:: What you need to do ::
Using the listing below, set down exactly the lines from the one that contains "MiwiNovia Chiffon Mother" through the one that contains "卵殻カルシウム(卵殻由来の炭", with no pictures.

:: Data for review ::
========
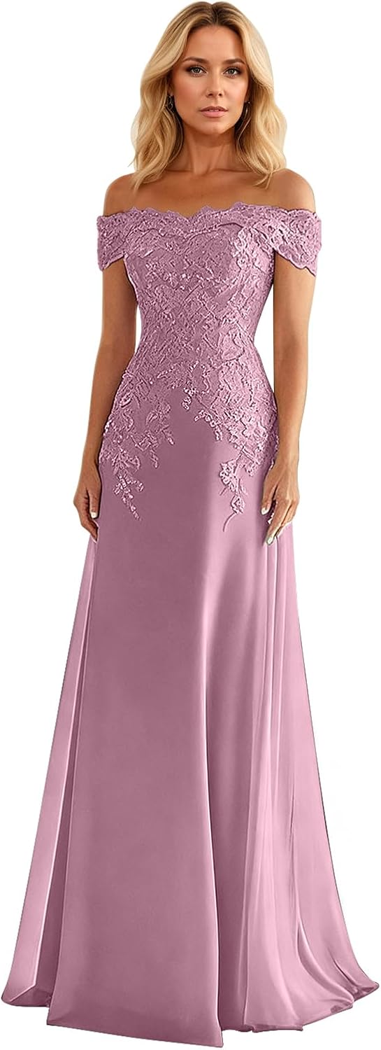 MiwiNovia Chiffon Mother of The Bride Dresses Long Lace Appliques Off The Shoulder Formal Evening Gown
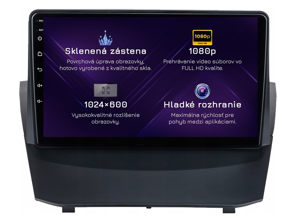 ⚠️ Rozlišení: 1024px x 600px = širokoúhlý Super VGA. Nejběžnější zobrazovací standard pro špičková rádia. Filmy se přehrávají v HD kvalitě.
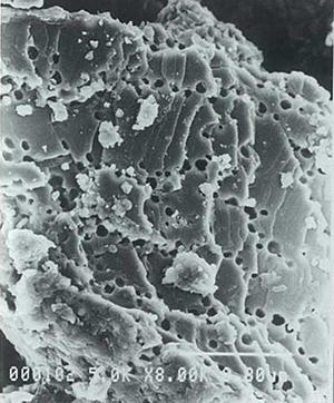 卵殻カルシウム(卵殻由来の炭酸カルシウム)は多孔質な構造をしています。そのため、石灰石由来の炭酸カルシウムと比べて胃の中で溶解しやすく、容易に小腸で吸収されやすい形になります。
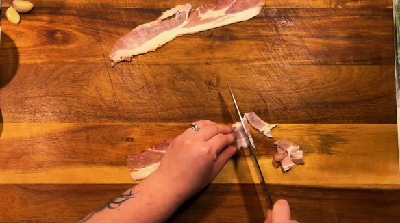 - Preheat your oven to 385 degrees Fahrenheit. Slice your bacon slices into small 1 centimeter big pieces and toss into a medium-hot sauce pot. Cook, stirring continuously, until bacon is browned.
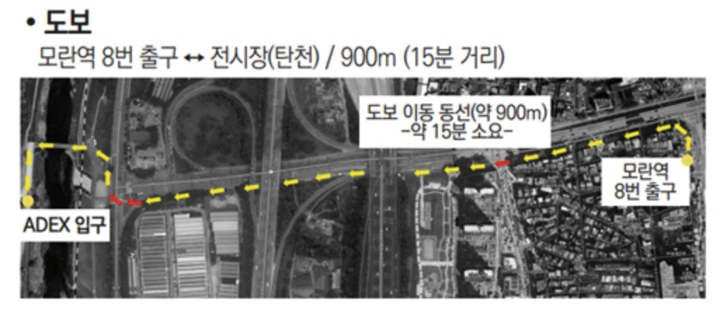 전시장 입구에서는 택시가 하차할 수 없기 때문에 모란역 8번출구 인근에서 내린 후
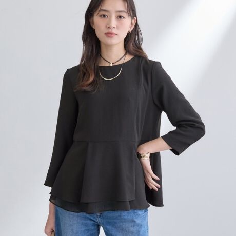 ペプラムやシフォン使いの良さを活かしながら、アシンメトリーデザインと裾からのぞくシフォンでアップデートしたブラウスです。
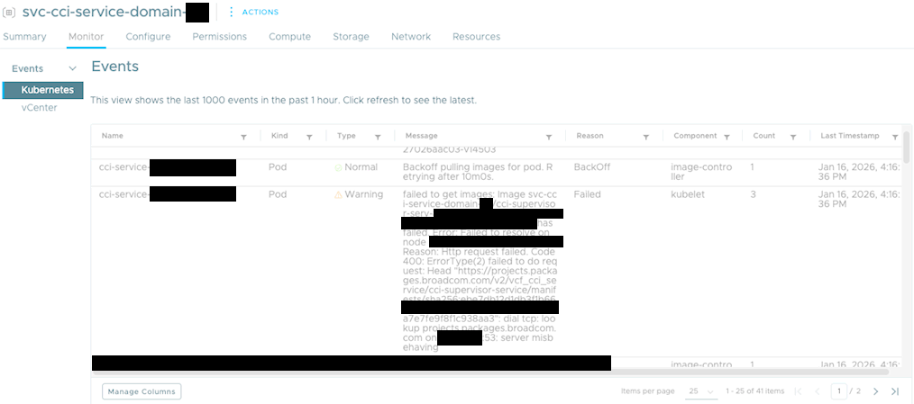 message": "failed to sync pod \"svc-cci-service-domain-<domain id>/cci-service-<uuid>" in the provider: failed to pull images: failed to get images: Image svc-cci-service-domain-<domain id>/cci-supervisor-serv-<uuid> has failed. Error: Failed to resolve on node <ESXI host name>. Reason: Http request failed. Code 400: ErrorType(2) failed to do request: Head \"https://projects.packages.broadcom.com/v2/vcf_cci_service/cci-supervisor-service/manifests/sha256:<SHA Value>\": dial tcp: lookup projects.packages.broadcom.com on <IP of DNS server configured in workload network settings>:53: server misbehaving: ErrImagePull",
========
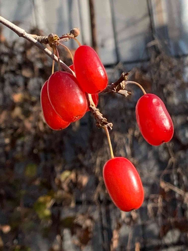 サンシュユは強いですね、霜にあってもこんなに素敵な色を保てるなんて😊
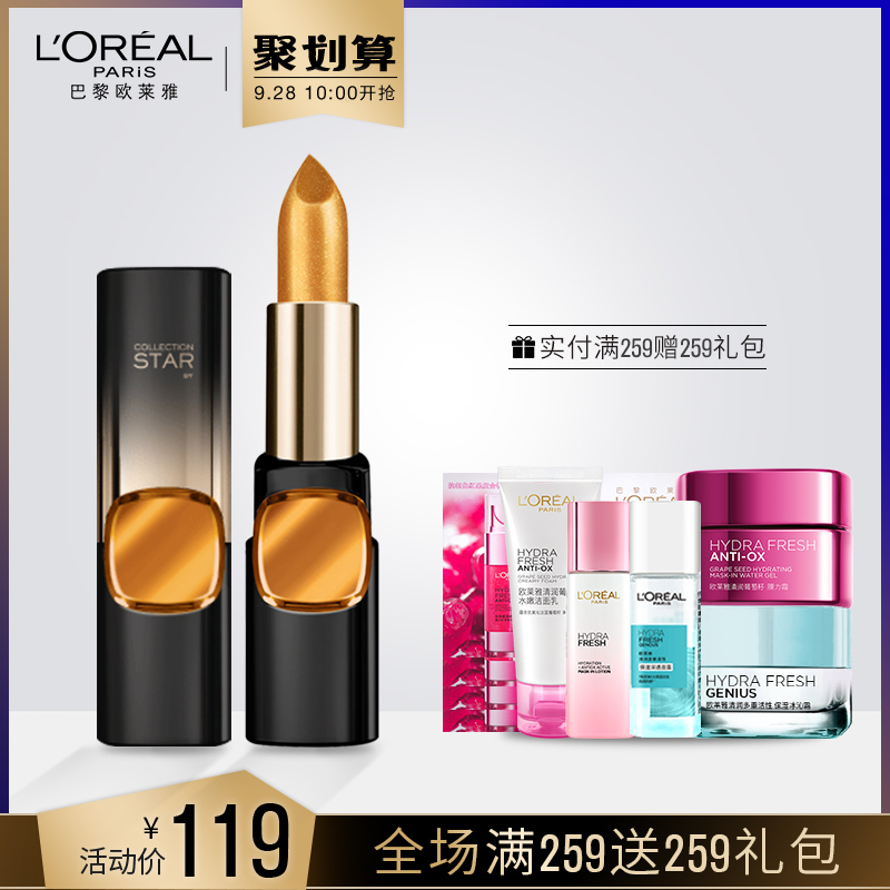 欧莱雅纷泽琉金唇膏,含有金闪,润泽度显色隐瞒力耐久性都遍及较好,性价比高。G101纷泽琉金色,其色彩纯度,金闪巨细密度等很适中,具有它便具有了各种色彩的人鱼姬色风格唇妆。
========
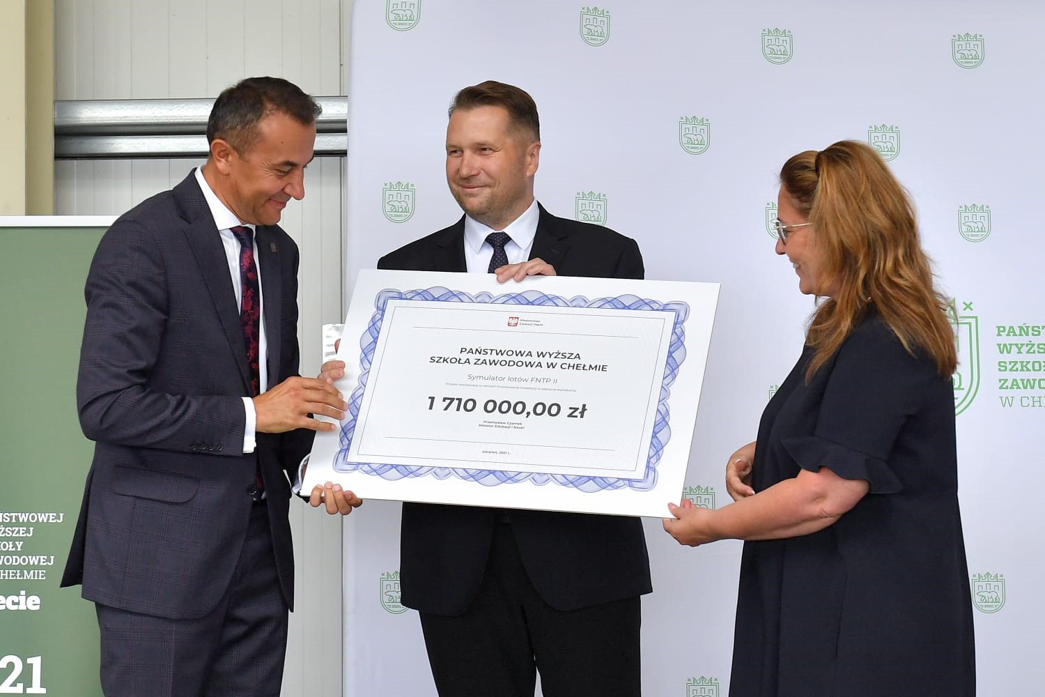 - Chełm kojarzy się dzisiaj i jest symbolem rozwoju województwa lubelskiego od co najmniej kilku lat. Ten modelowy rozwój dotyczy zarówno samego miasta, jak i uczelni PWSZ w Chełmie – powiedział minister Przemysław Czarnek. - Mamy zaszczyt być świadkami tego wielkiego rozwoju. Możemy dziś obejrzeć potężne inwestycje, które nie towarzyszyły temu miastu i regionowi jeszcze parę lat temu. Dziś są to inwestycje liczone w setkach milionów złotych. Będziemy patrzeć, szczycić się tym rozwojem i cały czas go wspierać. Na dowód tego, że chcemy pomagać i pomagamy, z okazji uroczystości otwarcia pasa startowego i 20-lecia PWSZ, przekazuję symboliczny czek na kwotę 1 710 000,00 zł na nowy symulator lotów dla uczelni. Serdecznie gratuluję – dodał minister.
========
:: Task output ::
 MiwiNovia Chiffon Mother of The Bride Dresses Long Lace Appliques Off The Shoulder Formal Evening Gown
 ⚠️ Rozlišení: 1024px x 600px = širokoúhlý Super VGA. Nejběžnější zobrazovací standard pro špičková rádia. Filmy se přehrávají v HD kvalitě.
 卵殻カルシウム(卵殻由来の炭酸カルシウム)は多孔質な構造をしています。そのため、石灰石由来の炭酸カルシウムと比べて胃の中で溶解しやすく、容易に小腸で吸収されやすい形になります。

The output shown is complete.